Socialist Worker

Is this the end for national strikes?

by Charlie Kimber
Issue No. 2534

Trade unionists rally in London during the mass pensions strike on 30 November 2011

Trade unionists rally in London during the mass pensions strike on 30 November 2011 (Pic: Guy Smallman)


Will we see a national strike by large numbers of workers ever again?

The Tories announced last week that key elements of their Trade Union Act will be fully implemented on 1 March next year or soon after.

MPs voted through the Act last May, but it was not fully enforced until the “commencement order” spelling out the details.

To have a legal strike, a ballot must have a 50 percent turnout.

Strikes in “important public services” are valid only if there is a yes vote by 40 percent of those who are entitled to vote.

The first requirement means that if 100 people are balloted then at least 50 must vote.

In important services, not only must at least 50 take part, but at least 40 must vote yes.

All this from a government which received the votes of 24 percent of those eligible to vote.

We now have the list of “important public services”.It includes most of health, schools and further education colleges, transport, fire services, nuclear decommissioning and border security sectors.

The level of strikes is already at historic lows in Britain—but it could slump further.

A study by Professor Ralph Darlington and Dr John Dobson looked at ballots from 1997 to 2015. It found that although 440,000 workers could still have taken action under the new laws, 3.3 million could not.

It’s a disgrace that the Tories passed this law so easily.

The unions put up only token opposition.
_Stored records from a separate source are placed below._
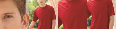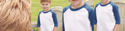 50% polyester, 50% cotton jersey knit; New fit for greater comfort; Contrast color 1x1 rib-knit collar; Contrast color rib-knit collar and raglan sleeves; Double-needle hemmed sleeves; Three-quarter length raglan sleeves; Serged fishtail bottom for added length;
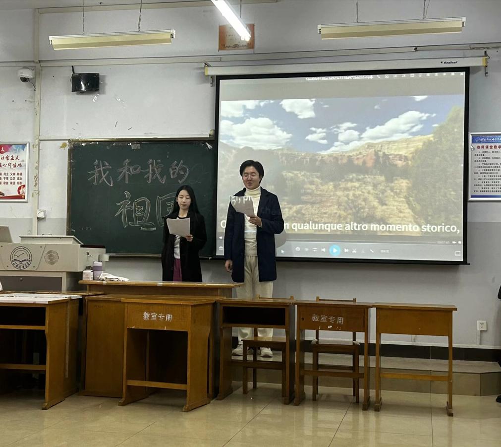 意大利语教学部主任兼2301级辅导员王敏老师、专业教师佘梦颖老师,外教Silvia以及四位留学生作为受邀评委及嘉宾一同参与了本次活动。伴随汉、意双语两位主持人精彩的开场词结束,同学们精彩的表演随之开始。有的同学带来精心准备的诗朗诵,有的同学带来的是亲手绘制的主题画报,有的用意大利语为我们介绍了经典历史人物——岳飞的故事,有的同学带来了西游记的故事,此外,还有精彩的配音、舞蹈表演等。无论何种形式,同学们都用自己的热情点燃了整个赛场,让各位同学和老师沉浸其中。
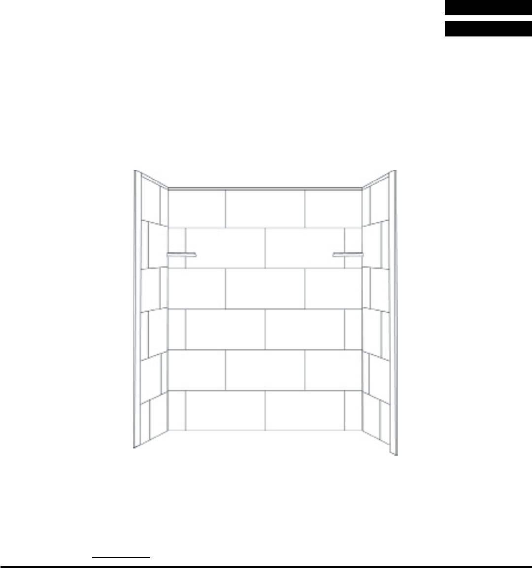 PACKAGE CONTENTS F F G B H I C D A E E K PART A B C D E F G H I K L M DESCRIPTION Lower Back Panel Upper Back Panel Left Side Panel Right Side Panel Front Edge Trim Side Molding Back Molding Left Shampoo Shelf Right Shampoo Shelf Silicone Adhesive Mounting Adhesive Installation Tape QUANTITY 1 1 1 1 2 2 1 1 1 4 1 1 2 LI M
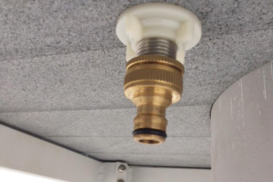 Trädgårdsslangen kopplas enkelt ihop med kranen.
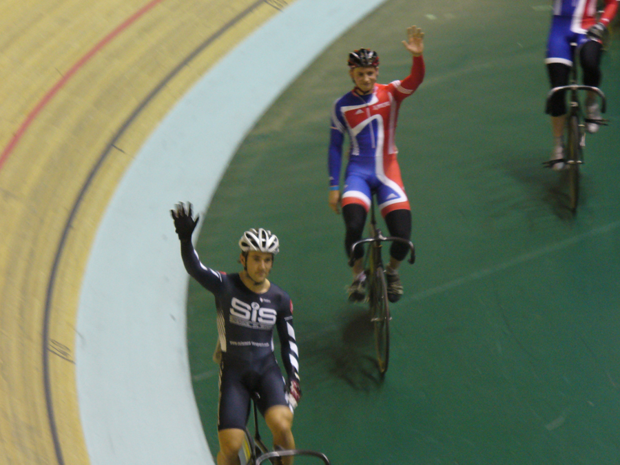 Its a lot colder riding in a velodrome then sitting in one :S and ive noticed alot with pros/neopros that they always seem to overdress as if contact with air might cause them to fall ill :lol:
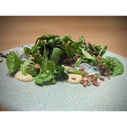 温前菜の「桜鱒とジャガイモのクレープ 鴨のカプチーノ」では、昆布茶で下味を施した桜鱒を軽く炙ってクレープ生地で覆い、鴨肉と鶏の出汁に生クリームを合わせカプチーノ仕立てでご用意します。もっちりとしたクレープに、桜鱒の上品な脂と甘みが「出汁香るカプチーノ」と見事なマリアージュを演出。塩味と酸味のアクセントとして「アブルーガキャビア」を添え仕上げました。ディナータイムのメインの一皿である「海苔を纏った仔牛肉のパイ包み焼き」では、日本伝統の調味料である塩麴でマリネした仔牛肉の中心にフォアグラとトリュフソースを忍ばせ、海苔で巻いて複合的なパイ包みに仕立てます。付け合わせには「木の芽味噌」で和えた季節の野菜を彩り良く添え、マデラソースでお楽しみいただけます。デザートは「和三盆糖」を使用した「アーモンドのブランマンジェとメロンのソース 煎茶のアイスを添えて」をご用意します。初夏から旬を迎えるメロンを使用したソースと、煎茶風味のアイスを添え「菊の花びら」をあしらい「和」を演出しました。
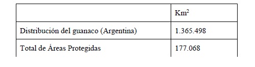 - En el Primer Censo Nacional de Camélidos Silvestres al Norte del Río Colorado, el área de distribución del guanaco se observó altamente fragmentada (Baigún et al. 2008). El acceso a los sitios con esta especie resultó dificultoso, denotando el corrimiento que tuvieron los guanacos hacia zonas desfavorables. La densidad mínima estimada en el 76 % de la superficie relevada fue menor a 1 individuo/km2.
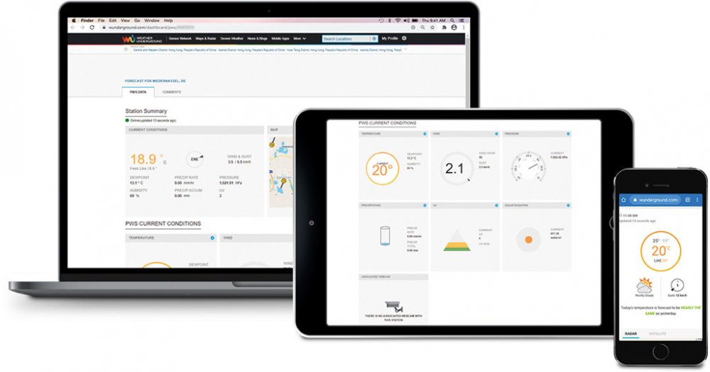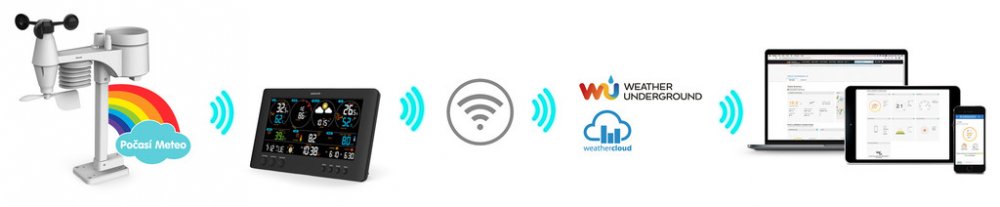 Největší výhodou meteorologické stanice SWS 12500 WiFi je ovšem bezdrátový přenos informací a neustálý online přístup odkudkoli. S tímto přístrojem se navíc můžete stát součástí světové komunity sdílející aktuální meteorologické informace a údaje – publikování dat na veřejných meteorologických platformách „Weathercloud" případně „Weather Underground" anebo na tuzemském portálu „Počasí Meteo" je jednoduché a velmi užitečné. Dostatečně velký barevný displej, snadné ovládání i kompaktní rozměr, to jsou další nezanedbatelné klady prvotřídního přístroje, který vás rychle začlení mezi meteorologicky zcela nezávislé a soběstačné domácnosti.
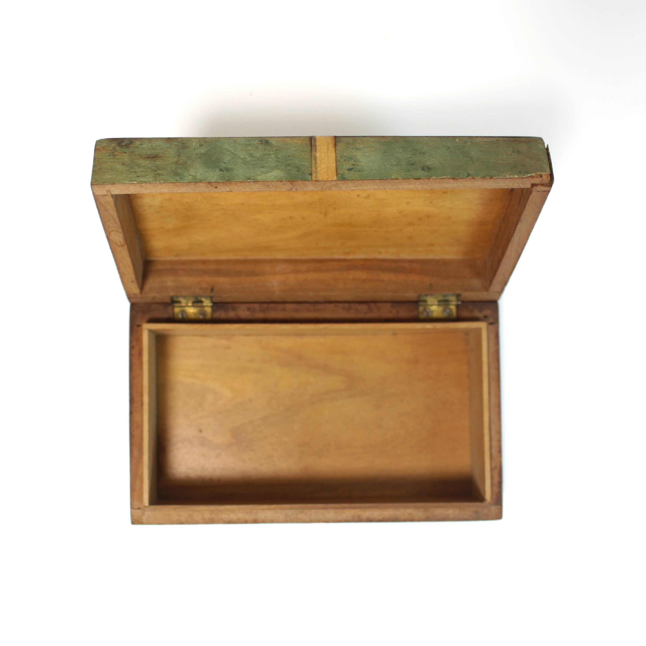 リボンのあしらいが上品なグリーンの木箱。長い間 大切に使われてきたのがよく分かるアンティークらしいアイテムです。特別な日のためのアクセサリーなどをしまって、ドレッサーに飾っておきたくなりますね。
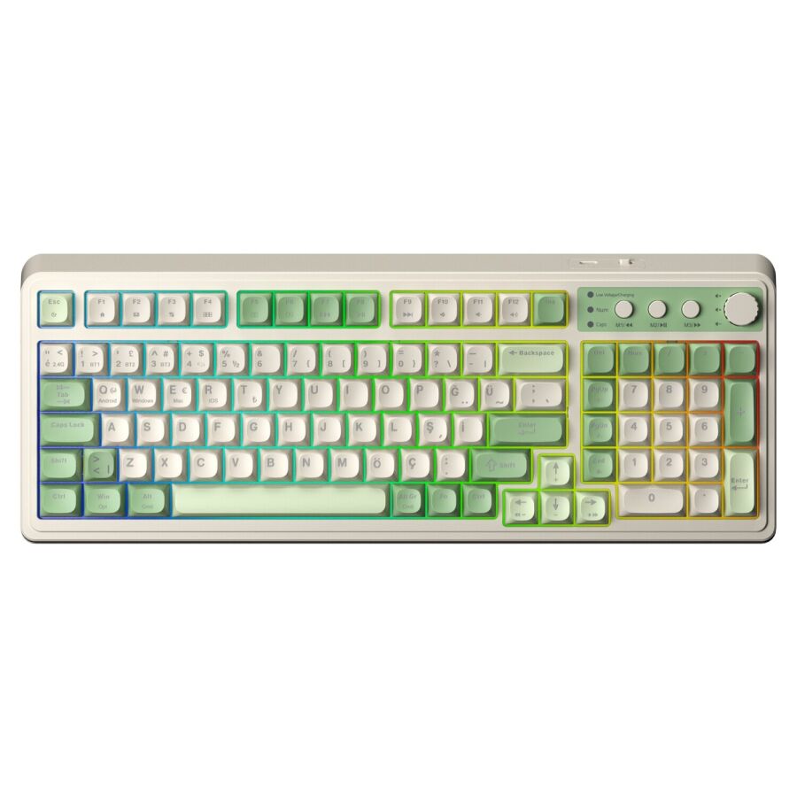 %96 kompakt layout tasarıma sahip bu retro klavye, sayısal tuş takımı ile tanıdık kullanım deneyimi sunar. Kremsi renkli tuş kapakları ile masaüstünüzü güzelleştiren klavye, nostaljik bir dokunuş katar. İki aşamalı katlanabilir destek ayağı ile ergonomik yazım pozisyonu sağlar.
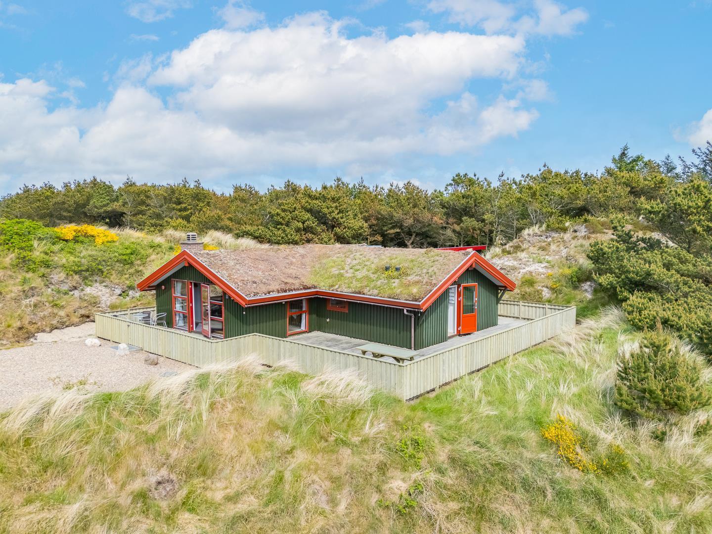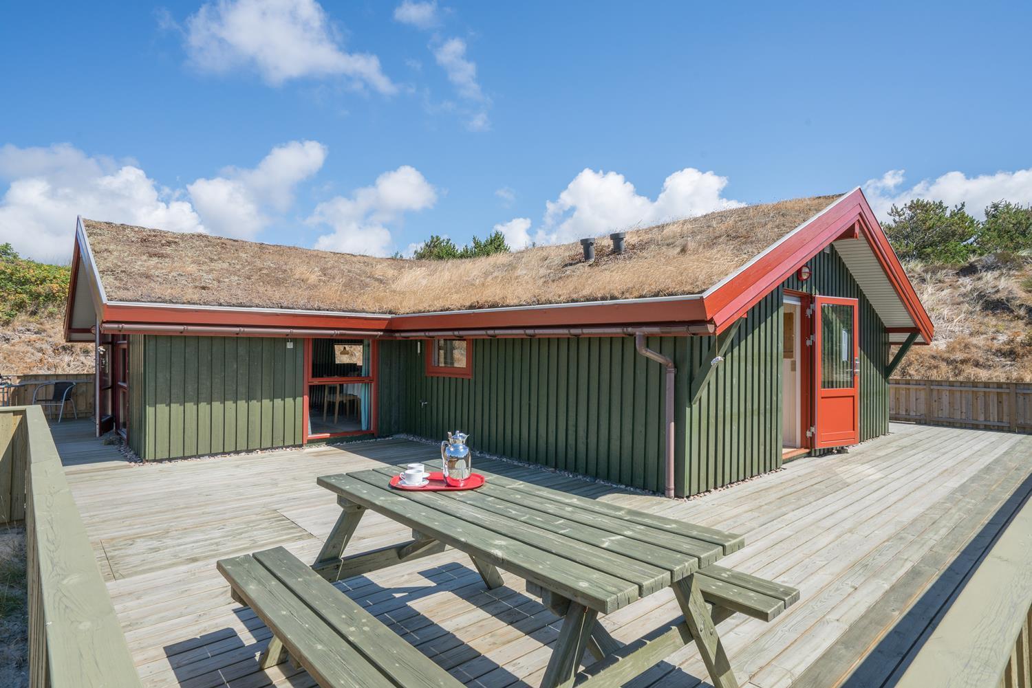 Sommerhuset ligger i et fredeligt sommerhusområde omgivet af smukke klitter. Der er gode parkeringsmuligheder tæt ved huset.
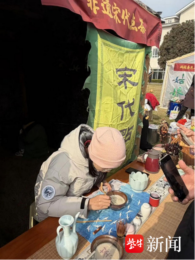传统点茶技艺 王乔波 摄一位专程从南京赶来的游客说:“这里氛围特别好,东西实在、人情味浓。我买了雨山茶和千张,还尝了刚出笼的蟹黄汤包,味道非常地道。没想到年货大集能把吃喝玩乐、文化体验结合得这么自然,让人找回小时候过年的感觉。”
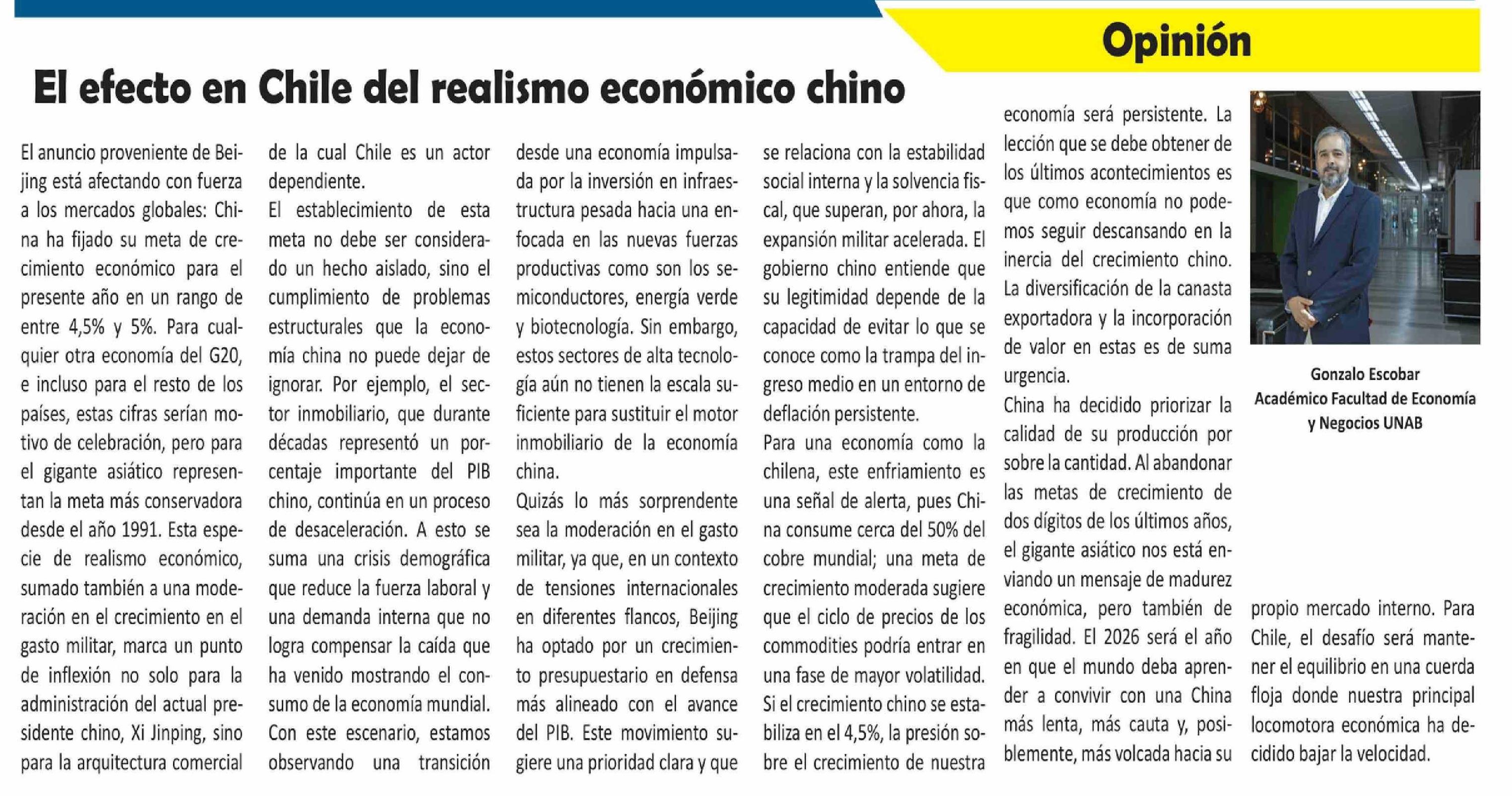 Columnas de Opinión: El efecto en Chile del realismo económico chino

There was never a serious effort to mobilise on the streets, let alone to encourage strikes.

Many trade union leaders have used the spectre of the law as an argument against struggle. Now some are likely to accept that big national strikes are impossible.

Serious

The only solution they will see is to wait until 2020 and hope for a Labour government that reverses the new law.

The starting point ought to be that, just as in the 1970s, these openly class-based laws have to be defied and destroyed.

If, for example, there is a 70 percent vote for strikes by health workers on a 50 percent turnout, a strike would breach the new laws.

But if the unions were bold enough to call their members out, millions of other trade unionists—and NHS campaigners—would be on the strikers’ side.

We shouldn’t accept that a union can’t hit a 50 percent turnout. A union which has a strong network of confident reps can mobilise a large vote. But that requires systematically encouraging struggle.

This has been wholly lacking from the trade union leaders, especially since they abandoned the public sector pensions battle in 2011.

Last week Unite union leader Len McCluskey resigned his post so he could stand again and be in charge at the time of the 2020 general election.

He will be challenged by Gerard Coyne, a more right wing candidate.

But that’s not the end of the debate.

McCluskey has failed to encourage real resistance from Grangemouth oil refinery to the NHS to steel. He openly opposed Jeremy Corbyn on Trident renewal.

There is a clear case to be made for a left candidate. Even if that doesn’t happen there can be no blank cheque for McCluskey.

The anti-union laws pose new challenges. Activists need to think how they can build more struggle locally as well as nationally.